Under Maryland’s doctrine of legal impossibility, “[i]f a contract is legal when made, and no fault on the part of the promisor exists, the promisor has no liability for failing to perform the promised act, after the law itself subsequently forbids or prevents the performance of the promise.” Wischhusen v. American Medicinal Spirits Co., 163 Md. 565, 572–573 (1933). In order to succeed under this theory, however, performance under the contract must be objectively impossible. But where some circumstance beyond the party’s control has made it impossible for that party to perform its obligations under the contract, performance is excused. See, e.g., Acme Moving & Storage Corp. v.

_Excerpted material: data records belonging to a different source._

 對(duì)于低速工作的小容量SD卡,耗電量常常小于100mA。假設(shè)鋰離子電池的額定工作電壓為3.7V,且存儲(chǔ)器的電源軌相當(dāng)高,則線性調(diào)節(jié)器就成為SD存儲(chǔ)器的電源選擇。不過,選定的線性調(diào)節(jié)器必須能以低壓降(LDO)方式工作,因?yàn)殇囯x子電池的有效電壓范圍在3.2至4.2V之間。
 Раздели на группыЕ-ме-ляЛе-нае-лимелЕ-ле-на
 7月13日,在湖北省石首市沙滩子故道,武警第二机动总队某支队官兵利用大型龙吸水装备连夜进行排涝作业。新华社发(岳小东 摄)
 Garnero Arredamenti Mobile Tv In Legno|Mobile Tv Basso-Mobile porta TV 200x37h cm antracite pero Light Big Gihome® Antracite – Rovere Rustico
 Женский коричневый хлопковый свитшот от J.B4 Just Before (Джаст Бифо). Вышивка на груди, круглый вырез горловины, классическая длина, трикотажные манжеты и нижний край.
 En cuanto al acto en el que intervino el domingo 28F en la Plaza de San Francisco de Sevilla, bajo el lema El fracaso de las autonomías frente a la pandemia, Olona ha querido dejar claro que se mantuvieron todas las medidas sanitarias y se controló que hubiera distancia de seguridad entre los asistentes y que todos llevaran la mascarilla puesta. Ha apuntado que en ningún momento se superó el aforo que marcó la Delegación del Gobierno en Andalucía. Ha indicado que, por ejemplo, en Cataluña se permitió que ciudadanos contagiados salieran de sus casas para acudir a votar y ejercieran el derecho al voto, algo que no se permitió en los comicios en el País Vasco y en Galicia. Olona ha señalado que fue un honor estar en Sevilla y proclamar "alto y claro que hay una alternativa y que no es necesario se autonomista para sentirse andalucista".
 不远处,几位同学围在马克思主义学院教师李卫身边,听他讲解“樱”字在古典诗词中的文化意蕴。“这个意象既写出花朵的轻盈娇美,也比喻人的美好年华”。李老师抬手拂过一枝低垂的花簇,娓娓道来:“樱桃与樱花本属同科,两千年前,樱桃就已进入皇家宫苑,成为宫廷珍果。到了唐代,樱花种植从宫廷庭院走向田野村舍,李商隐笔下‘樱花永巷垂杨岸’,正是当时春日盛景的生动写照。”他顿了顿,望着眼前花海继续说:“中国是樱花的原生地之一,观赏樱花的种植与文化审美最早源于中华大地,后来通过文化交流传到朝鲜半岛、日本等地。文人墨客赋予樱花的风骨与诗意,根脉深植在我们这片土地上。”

Bower, 269 Md. 478, 483-84 (1973) (holding that the inability to obtain a governmental permit necessary to perform a contract, without the fault of the applicant, gives rise to the defense of impossibility of performance “if such interference was not foreseeable at the time of the execution of the contract and the risk was not assumed by the promisor”).
In applying Virginia law, the label “impossibility of performance” has been applied to an analysis similar to what other courts label “frustration of purpose.” After noting that “application of the doctrine” requires “that the frustration of performance [be] substantial,” the court said, “a party relying on the defense of impossibility of performance must establish (1) the unexpected occurrence of an intervening act, (2) such occurrence was of such a character that its non-occurrence was a basic assumption of the agreement of the parties, and (3) that occurrence made performance impracticable.” Opera Co. of Boston, Inc. v. Wolf Trap Found. for the Performing Arts, 817 F.2d 1094, 1101 (4th Cir. 1987).

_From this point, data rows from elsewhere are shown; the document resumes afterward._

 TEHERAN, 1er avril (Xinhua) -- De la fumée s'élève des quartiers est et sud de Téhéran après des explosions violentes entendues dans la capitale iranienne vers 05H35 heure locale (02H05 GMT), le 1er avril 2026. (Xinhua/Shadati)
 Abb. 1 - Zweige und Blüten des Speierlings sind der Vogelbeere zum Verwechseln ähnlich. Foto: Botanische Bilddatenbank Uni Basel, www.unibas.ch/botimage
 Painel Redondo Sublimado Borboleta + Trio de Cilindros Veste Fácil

After acknowledging the similarity to the frustration of purpose analysis, the District of Columbia Court of Appeals explained what a court must consider in determining “whether an event caused performance of a contract to become impossible.” There are three steps to the analysis. “First, a contingency—something unexpected—must have occurred. Second, the risk of the unexpected occurrence must not have been allocated either by agreement or by custom. Finally, occurrence of the contingency must have rendered performance commercially impracticable. Unless the court finds these three requirements satisfied, the plea of impossibility must fail.” Island Dev. Corp. v. District of Columbia, 933 A.2d at 350 (citations omitted).
Uniform Commercial Code
Each state has adopted some version of the Uniform Commercial Code, or “UCC.” A major component of the UCC is Article 2, which governs contracts for the sale of goods. For contracts involving the sale of goods, the common-law principles discussed above have been largely supplanted by express provisions in Article 2 of the UCC. See, e.g., Section 2-615. It is obviously important that the appropriate version of the UCC be carefully reviewed if a contract is for the sale of goods.

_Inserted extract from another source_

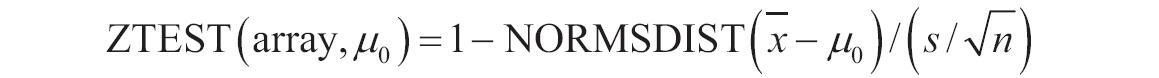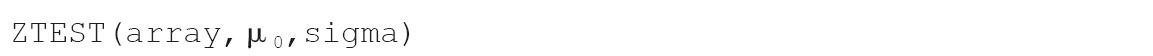 其中参数array为用来检验μ0的数组或数据区域。μ0为被检验的值。sigma为样本总体(已知)的标准偏差,如果省略,则使用样本标准偏差。
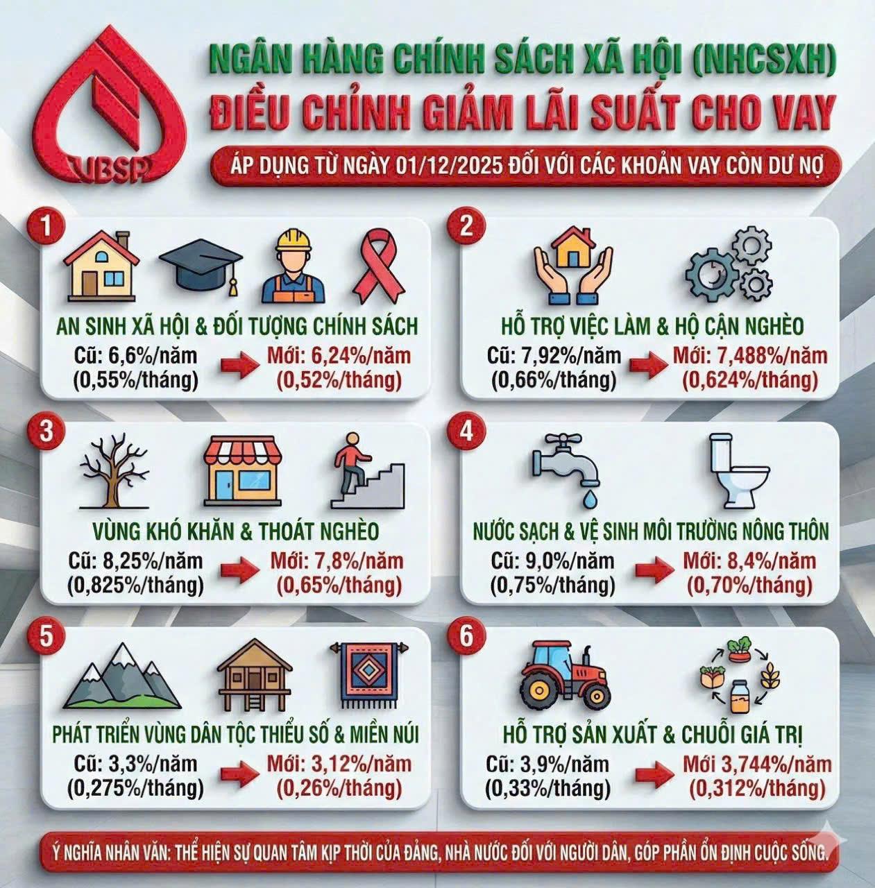 Tín dụng chính sách xã hội Ngân hàng chính sách xã hội điều chỉnh giảm lãi suất cho vay Thứ tư - 03/12/2025 08:47 17 lượt xem Bài trước

These are challenging and frankly somewhat scary times. Uncertainty abounds and no businessperson likes uncertainty. The first step in dealing with that uncertainty requires analysis of all applicable contracts, with particular attention paid to the existence of force majeure provisions. The second step requires consideration of common-law principles of frustration of purpose and impossibility. Finally, an eye must be kept on the applicability of the UCC. Each of these steps can be complicated and confusing. Prudent business people should consult counsel to help them traverse these steps.